Rambus takes on ARM in IoT security
“Rambus has had a very interesting history, with billions of dollars flowed in through high value licensing with the first versions of the company, you might call them Rambus 1.0 and 2.0,” said Jerome Nadel, senior vice president and CMO of Rambus. “The thing that held these technologies together was a licensing platform, from LED lighting to differential power analysis.”
It started out with high speed serial interface designs that were patented and the patents and technology licensed to a wide range of customers. Other technologies were then added to the licensing platform, creating a disparate set to IP. Acquisitions for Memory and Interface division and Rambus Security included the memory interconnect technology from Inphi that has been used to develop a family of buffer chips, as well as the Snowbush serial/deserialization IP from Semtec that is now used for GDDR6 graphics chip interfaces.
But there is also fundamental research into next generation systems and reducing the power consumption in data centres.
“We continue to develop emerging solutions. We work with companies like IBM and Microsoft on research programmes that they pay us for where we create IP that we can license, such as hybrid memory,” he said. “That’s an area where we model and characterise and build prototypes that become the next generation standards.”
Cloud computing requires large data centres and the advent of artificial intelligence and machine learning means the role of buffers and faster interfaces becomes more and more important.
“As a data company we want to move data fast and keep data safe,” said Nadel. “For example, there’s ‘cold computing’ with Microsoft.
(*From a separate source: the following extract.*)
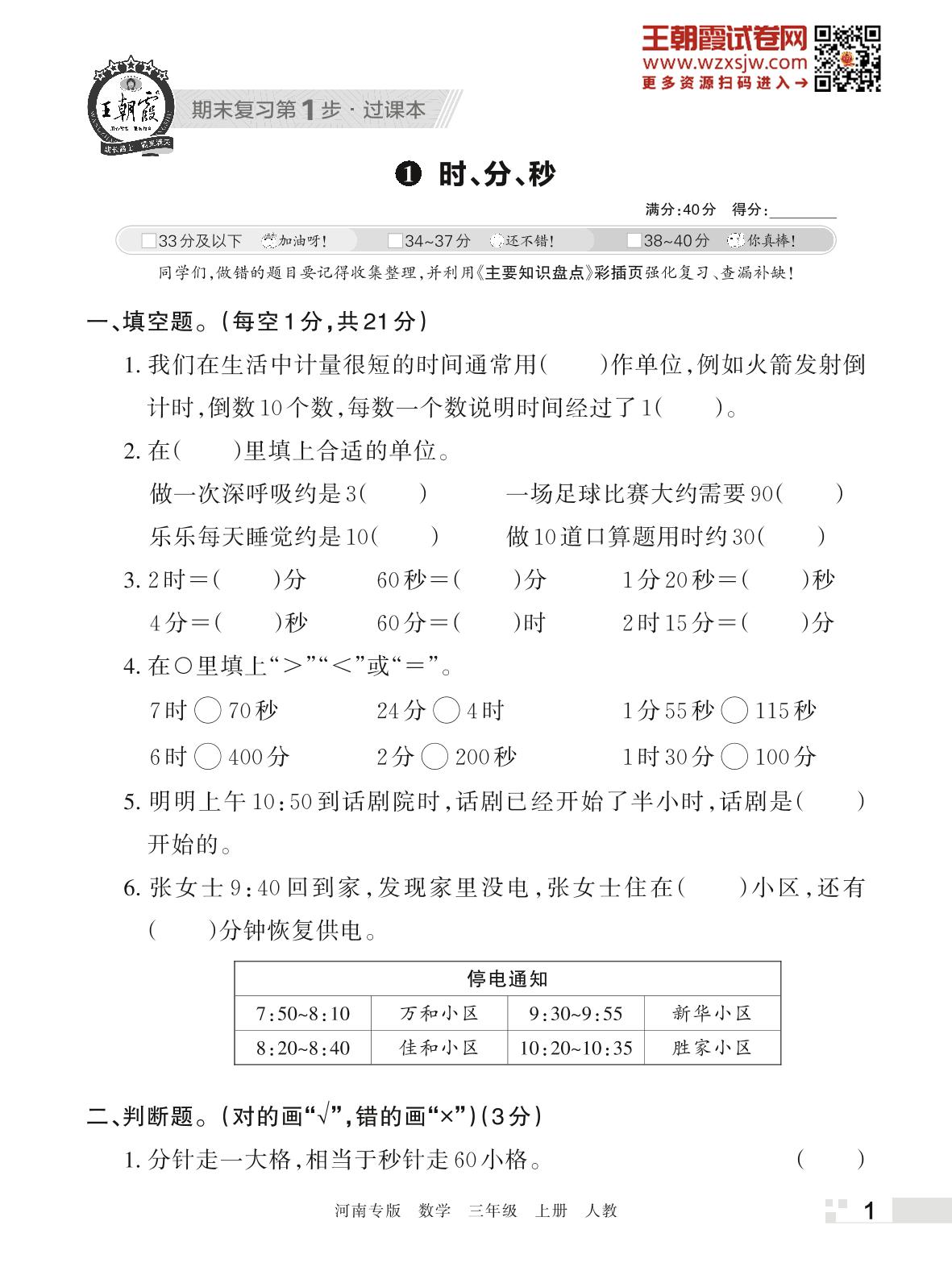 王朝霞期末过课本——1 时、分、秒三年级上册数学(人教版)

We have a multiyear project on how systems work at 77K, and we have moved to building boards and products on this.”
“There’s so much data going through and heat being generated, Microsoft sees cold as the future. There’s going to be so much data movement we need to look at new models, so there’s a lot of applications for cold computing.”
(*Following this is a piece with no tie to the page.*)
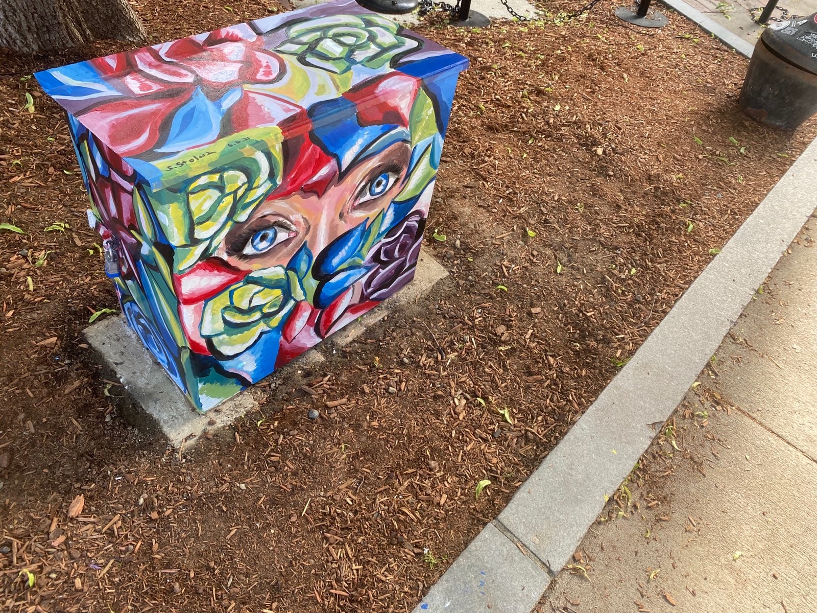Some real pretty eyes hiding in a bush of rainbow flowers. Painted on lighting and signal control box.

Then there was the acquisition of Cryptography research in 2011 for $342m as part of that disparate IP platform, bringing fundamental patents on differential power analysis (DPA) that would protect chips from being monitored.
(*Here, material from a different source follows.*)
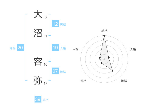大沼 容弥さんを姓名の画数から五運を鑑定

“On top of Cryptography Research acquisition, there was an expectation that DPA would be used in mobile phone handsets but that didn’t happen. Every EMV chipcard has this technology but the royalty rates are super low. The ability to license was definitely constrained but we thought if we could put a secure core as a hardware route of trust in an SoC and have key software to manage that we could have better lifecycle management. Instead of firmware updated over the air (OTA) we could be going back to a hardware route of trust for anti-counterfeiting and content protection. Qualcomm has billions of WiFi and radio chips with our cores in them, managed by a software platform called Cryptomanager.”
“The vision hasn’t fully materialised, but with features as a service, you start at the fab and then in the field update it securely with new services,” he said. This opens up a service model, where customers or Rambus can manage the updating of the chips in the field.
The company has developed a secure core that can sit alongside a mainstream processor to provide this capability, starting with the RISC-V core. “We silo the secure processing from general processing and partnering with SiFive and promoting open source hardware, this notion of cores that can be programmed and addressed in field is a very relevant model – design starts are so expensive you could democratise those and make money in the field,” he said.
“On the platform level you have to be open to other cores so we [interface to processor cores from] TI, ST, Synopsys, our infrastructure interfaces with our cores and other cores – we have interfaces for a set of cores with a software development kit (SDK) and product development kit (PDK).
Next: Competing with ARM
Does this mean Rambus is competing with ARM’s Trustzone hardware? He points to the fact that a Cybertrust Japan, a division of Softbank, ARM’s owner, picked the Rambus Cryptomanager for IoT device provisioning.
“Trustzone you could look at as a competitor but what we are doing is more architecturally secure. If they need DPA the only way to get that is from us, just saying,” he said.
This led the company into the application space through the acquisition of the assets of Smart Card Software for £64.7m in 2016. This included Ecebs in East Kilbride and Bell Identification (Bell ID) in Rotterdam.
Bell ID pioneered host card emulation and tokenisation that is used as the NFC infrastructure under Apple Pay and Android Pay. A token cryptographically hides the details of the data being sent to open up secure transactions.
“Now we can secure the transaction, whether that’s cryptocurrencies, gift cards, loyalty points as well as cash, and we go all the way up to the user interface (UI), so you can pay in anyway you want as the payment details have been tokenised.”
It is this software layer on top of the secure core will allow more growth. “We think that at a software level we can get to more markets faster and grow through the software uses of tokenisation,” he said.
All of this is driving the growth of Rambus.
“We look at the turnaround in the growth of the company – I think strategically we have already transformed the company, the seeds have been sown and now we are seeing the growth. But we are not getting credit on the security side.”
A semiconductor company is valued differently from a security company or a software platform IoT company – so where is Rambus going now with its aim to move data quickly and safely?
“We think we have built a viable business with viable licensing revenue, but we have to deploy the security technology more aggressively,” said Nadel. “We hover just below $500m in revenue – once we pass that mark then we have more clout.”